The rally existed in almost 63% of the cases, but this could be more impressive. Let’s plot it by year.



grouped = df_idx_xmas_rally.groupby('year')['been_a_good_kid'].mean() * 100
percentages = grouped.reset_index(name='percentage_been_a_good_kid')

# Plotting
plt.figure(figsize=(10, 5))
plt.bar(percentages['year'], percentages['percentage_been_a_good_kid'], color='skyblue')
plt.xlabel('Year')
plt.ylabel('Percentage of Been a Good Kid (%)')
plt.title('Percentage of Been a Good Kid per Year')
plt.xticks(percentages['year'], rotation=90)
plt.ylim(0, 110)
plt.axhline(y=50, color='r', linestyle='--')  # Optional: Line at 50%
plt.grid(axis='y')

plt.show()


That is impressive! When the rally happens, it happens all around the indexes, with percentages about 80%.


The question, though, is, what is happening with the major indices? We will focus on three indices: the S&P 500, the Nasdaq Composite, and the Dow Jones Industrial Average.



df_majors = df_idx_xmas_rally[df_idx_xmas_rally['symbol'].isin(['GSPC','DJI','IXIC'])]
true_percentage = df_majors['been_a_good_kid'].mean() * 100

average_rally_pct = df_majors.groupby('been_a_good_kid')['rally_pct'].mean()

# Print the results
print(f"Percentage of 'been_a_good_kid' being True: {true_percentage:.2f}%")
print("Average 'rally_pct' when 'been_a_good_kid' is:")
print(average_rally_pct)

======================================
Output
Percentage of 'been_a_good_kid' being True: 72.79%
Average 'rally_pct' when 'been_a_good_kid' is:
been_a_good_kid
False   -1.685401
True     2.064658

You see, in this case, we have an even better probability. For those indices, the rally happened 72.79% in the last 50 years, with an average return of 2.06%, while when it is not happening, the loss is less (1.68%).

Can we narrow it down?



average_rally_pct = df_majors.groupby(['short_uptrending'])['been_a_good_kid'].mean() * 100
print("Average 'been_a_good_kid' by 'short_uptrending':")
print(average_rally_pct)

average_rally_pct = df_majors.groupby(['long_uptrending'])['been_a_good_kid'].mean() * 100
print("Average 'been_a_good_kid' when 'long_uptrending':")
print(average_rally_pct)

======================================
Output
Average 'been_a_good_kid' by 'short_uptrending' is:
False    74.509804
True     71.875000
Average 'been_a_good_kid' when 'long_uptrending' is:
False    72.727273
True     72.815534

When the index is up-trending or down-trending, the results are the same (around 70+%), so we can assume that Santa’s rally has nothing to do with the current trend.

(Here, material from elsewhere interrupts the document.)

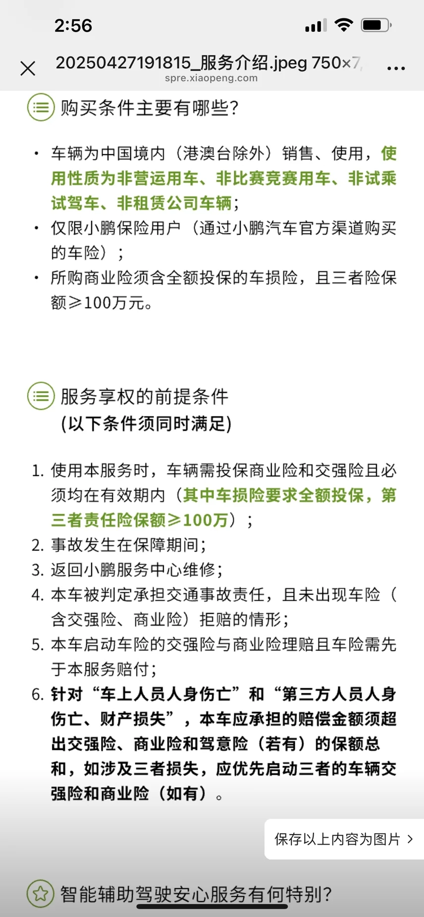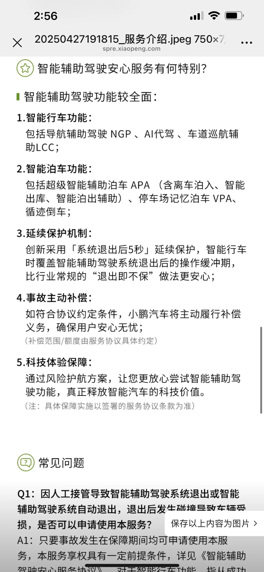 小鹏汽车昨天推出了智能辅助驾驶安全服务,保障范围很凡是智驾的场景都会覆盖且不限次。最亮眼的地方是智驾功能退出后的5秒都在保障范围。率先和国内头部5家保司合作这非只要和车险的主险随同购买即可,只需239元一年。理赔也很简单,详细见上图。虽然小鹏在智驾方面的技术处于市场第一梯队,这次推出了智能辅助驾驶安全服务也给实用智能辅助驾驶的用户多一重保障,但小鹏在工信部智驾安全新要求上也走在了前面,小鹏率先推出“新手考试”,提升了用户对智能辅助驾驶的安全教育认知。不会盲目依赖智能辅助驾驶功能。做到驾车出行随时观察路况不分神,明白智能辅助驾驶功能只是辅助驾驶而非自动驾驶。唯有像小鹏这样搞技术的一众企业不断技术攻坚,自动驾驶的那一天才会在合乎法规的情况下到来。#小鹏汽车[话题]#

But can the rally predict the future?



average_rally_pct = df_majors.groupby(['been_a_good_kid'])['next_year_good_kid'].mean() * 100
print("Average 'next_year_good_kid' when 'been_a_good_kid':")
print(average_rally_pct)

======================================
Output
Average 'next_year_good_kid' when 'been_a_good_kid':
been_a_good_kid
False    67.500000
True     77.570093

That is interesting! When the rally happens, it will be a good year in 77% of the cases for next year. However, when the rally does not occur, it is not necessarily true that the next year will be bad! It looks like Santa resets the goodness counter ;)


What about individual stocks?

By now, we should agree that the Santa Clause rally is real. But how about the individual stocks? Let’s get all the stocks of NASDAQ and NYSE and check it out!



EXCHANGE_CODE = 'US'
url = f'https://eodhd.com/api/exchange-symbol-list/{EXCHANGE_CODE}'
querystring = {"api_token":token,"fmt":"json"}
response = requests.get(url, params=querystring).json()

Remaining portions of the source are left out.